“Al preguntar una vez a un maestro
de escuela cómo había conseguido que los niños
lo obedecieran sin necesidad de golpes, me respondió:
Trato de convencer a mis alumnos, a través de todo mi
comportamiento, de que estoy actuando por su propio bien y les
demuestro, mediante ejemplos y comparaciones, que ellos
serán los primeros perjudicados si no me obedecen.
Además, ofrezco como recompensa el que el más
complaciente, obediente y aplicado en las horas de clase pueda
ser preferido a los demás. Le hago muchas más
preguntas, le permito leer su composición en público
y le hago escribir en la pizarra lo que sea preciso copiar.
Así despierto el interés de los niños,
de suerte que cada cual querrá destacar y ser el preferido.

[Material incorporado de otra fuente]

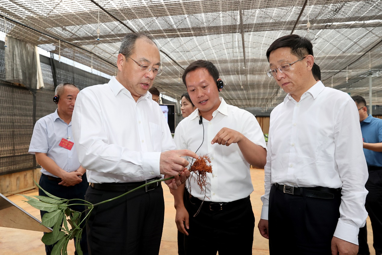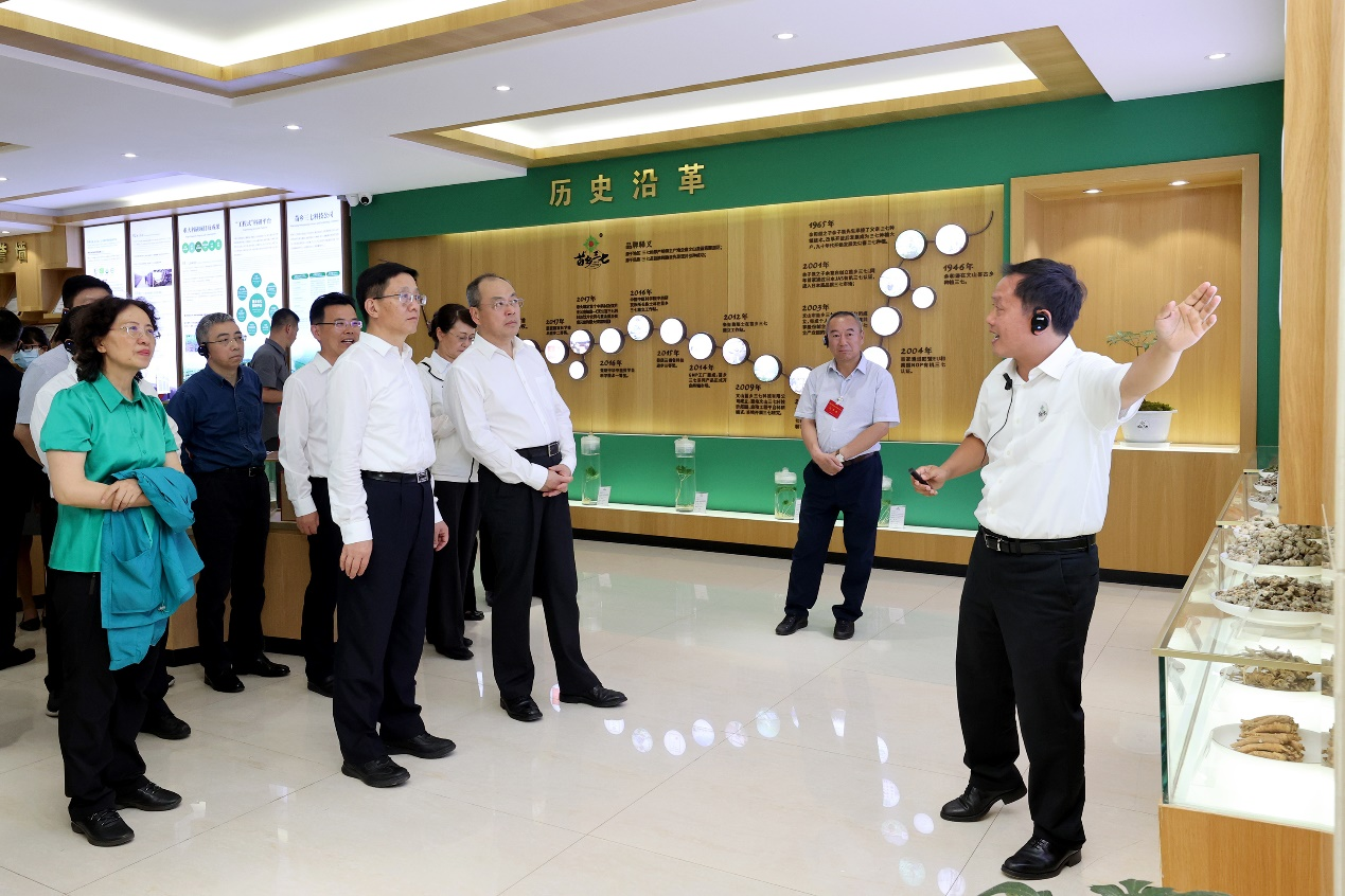 2021年6月3日,云南省委書記阮成發(fā)、省長王予波、省委副書記李小三、省政協(xié)主席李江,省委常委、省人大常委會有關領導、省政府領導班子一行調研苗鄉(xiāng)三七科技園。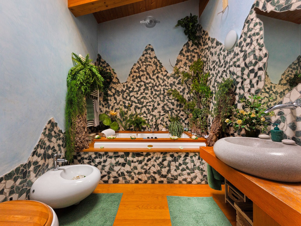 Camera padronale con bagno en-suite decorato con una composizione artigianale di montagne in mosaico di pietre verdi e bianche, arricchita da stucco fluorescente che si illumina al buio

Si a veces alguno se hace merecedor de un castigo, lo hago sentarse
atrás en la hora de clase, no le pregunto nada, no le
permito leer en voz alta y actúo como si él no
estuviera allí. Esto, por lo general, les causa tanto
pesar que los castigados vierten amargas lágrimas. Y
si por ahí aparece alguno reacio a dejarse educar por
estos medios indulgentes, no tendré más remedio
que pegarle. Sin embargo, mis preparativos para esta ejecución
serán tan largos que lo afectarán incluso más
que los mismos golpes. No le pegaré en el instante en
que se haya hecho acreedor al castigo, sino que lo aplazaré
hasta el segundo o tercer día. Este proceder me ofrece
una doble ventaja: en primer lugar, mi ardor se enfría
durante la espera y adquiero la serenidad necesaria para reflexionar
sobre el modo más inteligente de iniciar el asunto y,
luego, el pequeño delincuente sentirá el castigo
con una intensidad diez veces mayor y no sólo en la espalda
debido a que pensará en el constantemente.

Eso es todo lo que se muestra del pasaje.